1. The State challenges the judgment and order of acquittal recorded by the learned Sessions Judge Bolangir-Kalahandi holding the respondents to be not guilty of the charges under Sections 302 and 394 read with Section 34 of the I.P.C. by discarding the case of the prosecution that while after night fall on March 3, 1976, Padmini Naikani (P.W. 9) along with her daughter Sukanti (P. W. 8) and her son-in-law Deba hereinafter referred to as the deceased were returning to their village after arranging a boffalo cart being driven by Chiran Patra (PW 7) and escorted by Brundaban Majhi (P.W. 6), the three respondents, in furtherance of their common intention, attacked them and one of them, namely, Makunda Harijan, assaulted the deceased by means of an axe which resulted in his death and all of them removed ornaments and other articles from the possession of the victims. On the first information report (Ext. 13) being lodged by Brundaban Majhi (P. W. 6), investigation commenced and on its completion the three respondents were prosecuted. To bring home the charges, the prosecution examined eighteen witnesses. The respondents had pleaded not guilty to the charges and their plea was that a false case had been foisted against them. They had not examined any witness on their behalf.

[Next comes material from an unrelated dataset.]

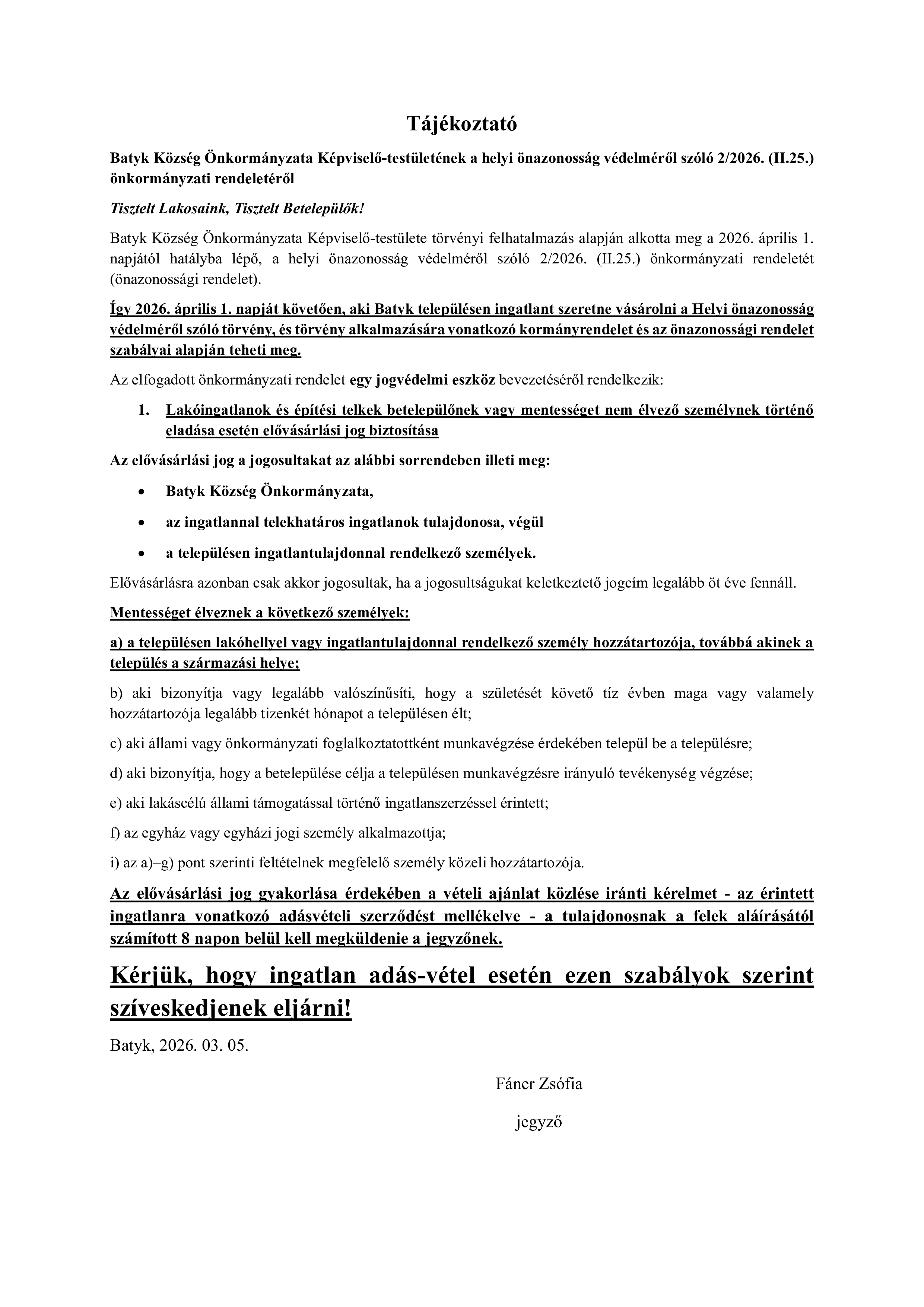 A helyi önazonosság védelméről szóló rendelettel kapcsolatos tájékoztatót itt találják.

On a consideration of the evidence, the learned Judge acquitted them of the charges under Sections 302 and 394 read with Section 34 of I.P.C. but convicted Makund Harijan under Section 411 Of the I.P.C. for being in possession of a gold ornament (M.O. III) which had been stolen from the person of Padmini Naikani (P.W. 9) at the time of the ' occurrence and sentenced him thereunder to undergo rigorous imprisonment for a period of 3 years. We have been told that no appeal has been preferred by the respondent No. 1 against the order of conviction recorded against him in respect of that offence. As the respondent No 1 could not be traced out in the address furnished by the State in spite of several attempts and the other two respondents had been in custody this Court by order No. 13, dated June 26, 1982, dismissed the appeal as against the respondent No. 1.
2. While Mr. A. Rath the learned Additional Standing Counsel, has challenged the findings recorded by the learned Sessions Judge as unreasonable, Mr. S.S. Basu has submitted that for cogent reasons, the evidence of identification of P. Ws. 6 to 9 in respect of the respondents has been discarded by the trial Court and there is no other evidence to connect them with the commission of any of the offences.
3. If the evaluation of the evidence by the trial Court does not suffer from illegality manifest error or perversity and the main grounds on which the trial Court has based its order are reasonable and plausible the High Court while deciding an appeal against acquittal should not disturb the order of acquittal even if another view is possible on the evidence on record.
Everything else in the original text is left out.